Netherlands do not tax capital gains on crypto, but it include cryptocurrency in your wealth and taxes it if the total amount exceeds 30 000 EUR (for couples double exemption). Businesses which own assets, such as Bitcoin or other cryptocurrencies, remain untaxed. On the balance sheet it is represented at the cost price as current assets or inventory. If the company sold good for cryptocurrency then it has to be included in the company’s turnover.
Poland on 24th of August announced the guideline for paying taxes on cryptocurrencies which states that income earned is taxed at 19% rate.
Portugal does not classify cryptocurrency as currency and they do not apply any personal income tax on cryptocurrency gains.
Romania defines cryptocurrency as electronically stored monetary value and declared that income from transactions in cryptocurrency has to be taxed. In terms of taxes cryptocurrency belong to the category of movable goods.
Slovakia considers cryptocurrency as short – term financial assets other than money. Mining income or salary in cryptocurrency has to be taxed, however, there is no tax on capital gain.
Slovenia states that cryptocurrencies are virtual currencies. ICOs have to add VAT if the token has features like securities. These assets are not treated as financial instrument or shares so, the capital gain is not taxed.
Spain is taxing profits received from investing in cryptocurrencies under the Law on Income Tax of Individuals.
Sweden is taxing 30% the profit of investing in a cryptocurrency, while the loss is deductible to 70 percent.

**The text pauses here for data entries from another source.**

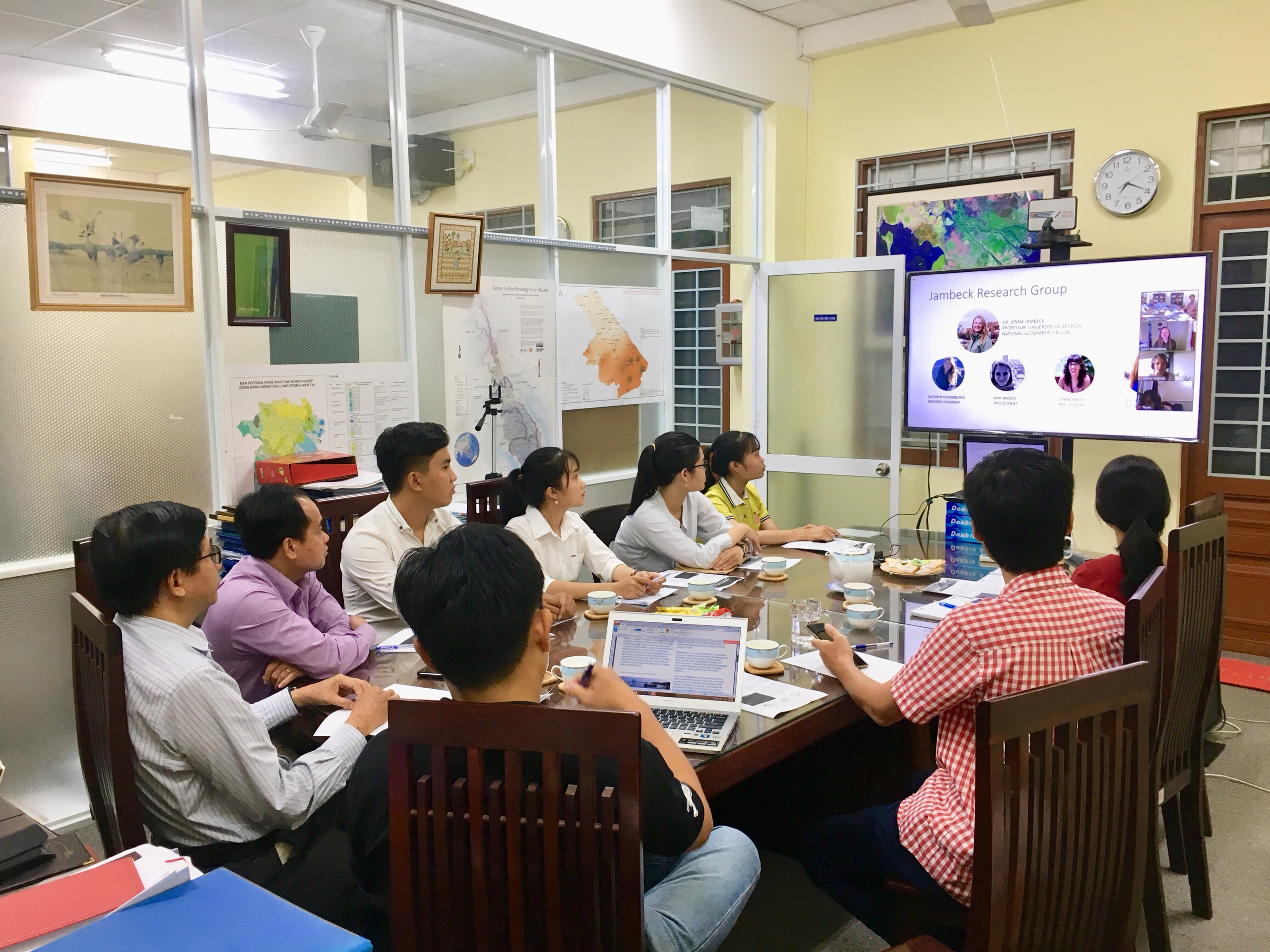Ngày [01/10/2020], PGS.TS Nguyễn Hiếu Trung - Viện trưởng Viện Nghiên cứu Biến đổi Khí hậu, Trường đại học Cần Thơ (Viện DRAGON-Mekong) – CTU cùng với TS. Nguyễn Xuân Hoàng và ThS. Nguyễn Trường Thành thuộc Khoa Môi trường & TNTN, cán bộ Viện và các bạn sinh viên đã họp trực tuyến với các cán bộ thuộc nhóm nghiên cứu Jambeck thuộc Đại học Georgia (UGA) về dự án ứng dụng công nghệ mới vào khảo sát và thu thập dữ liệu về chất thải trên địa bàn TPCT.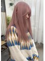 柔らかいピンクベージュ。ブリーチ2~3回は必要となります。ケアブリーチでケアしながら優しいブリーチでダメージを最小限に抑えて施術させていただいております。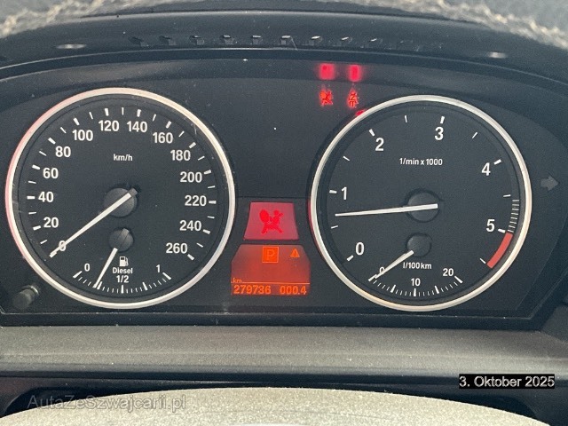 | Serienausstattung | Dynamische Stabilitätskontrolle (DSC), Drittes Bremslicht, iDrive-System, Airbag: Airbag Fahrer und Beifahrer, Innenlicht-Abschaltverzögerung, Assist: Anfahrassistent, Halogenscheinwerfer, Hill Descent Control (HDC), Gurtstraffer vorne, Aussentemperaturanzeige, Tagfahrlicht, Laderaumabdeckung, Zentralverriegelung mit Fernbedienung, Rücksitzlehne geteilt abklappbar, Kartentaschen an den Rückenlehnen, Licht: Nebelschlussleuchte, Digital Uhr, Räder: Reifendruck-Kontrollanzeige, Weisse Blinkleuchten, Wendematte für Gepäckraumboden, Mittelarmlehne hinten, Lenkrad: Multifunktionslenkrad, Nichtraucherausführung, Partikelfilter und Oxydationskatalysator, 3 Speichen-Lederlenkrad, Höhenverstellbare Gurten vorne, Lederhandbremshebel, Info-Display, Chrom-Line Exterieur, Wassertemperaturanzeige, Leichtmetallfelgen im Sternspeiche 243 17J mit Pneu, Elektrische Fensterheber vorne + hinten, Einstiegsschienen, Wegfahrsperre elektronisch, Beleuchtetes und abschliessbares Handschuhfach, Interieurleisten, Abschliessbare Radschrauben, Oelstandsanzeige, Lichtwarnsummer, Start-/Stop-Knopf, Radio BMW Business CD, Assist: Tempomat mit Bremsfunktion, Leuchtweitenregulierung elektrisch, Vordersitze mit elektrischer Höhen- und Lehnenverstellung, Beide Make up-Spiegel beleuchtet, Grün getönte Scheiben, Servolenkung geschwindigkeitsabhängig, Scheibenwischer vorne mit Regensensor und automatischem Einschalten der Abblendlichter, Leseleuchten vorne, Veloursfussmatten vorne und hinten, Antiblockiersystem (ABS), Verbandskasten, ISOFIX Kindersitzvorrichtung, Drehzahlmesser, Bremsassistent (BAS), Bordcomputer, Kühlergrill verchromt, Automatische Stabilitäts- und Traktions- kontrolle, Pollenfilter (Staubfilter), Zusatzheizung, Window-Kopfairbags, Wartungsintervall-Anzeige, Stoff-Ausstattung, Aktive Kopfstützen, Lackierung: Uni-Lackierung, Stossstangen in Wagenfarbe, Zweiklanghorn, 3 Kopfstützen hinten, Abblendlichtausschaltverzögerung 'Follow me home', Tageskilometerzähler, Getriebe: 6-Stufen-Automat Steptronic, Klimatisierungsautomatik, Aussenspiegel und Türgriffe in Wagenfarbe, Aufklappbare Heckscheibe, Scheibenwaschdüsen beheizt, Allradantrieb permanent, Applikationen, Sitzbelegungserkennung für Beifahrersitz, Nebelscheinwerfer, Aux-In Anschluss, Sicherheitstrennnetz oder /-gitter im Gepäckraum, Heckscheibenheizung, Scheibenwischer vorne mit Intervall, Lenkrad: Lenkrad längs- und höhenverstellbar, Antennen-Diversity, Ausstiegsleuchten in den Türen, Airbag: Seitenairbag für Fahrer und Beifahrer, Bremsbelag-Verschleissanzeige, Leseleuchten hinten, Aussenspiegel rechts und links beheizt und elektrisch verstellbar, asphärisch gewölbtes Spiegelglas, 3-Punkt-Sicherheitsgurte auf allen Plätzen |

United Kingdom for 2018/2019 has an annual tax-free allowance for individuals with capital gains lower than 11 700 GBP, if it is more then Capital Gain tax at 20% is applied. In all scenarios the sale has to be reported to HMRC. If a transaction can be defined as betting or gambling for Income Tax purpose then any gain or loss arising the transaction will be exempt for Capital Gains Tax purposes.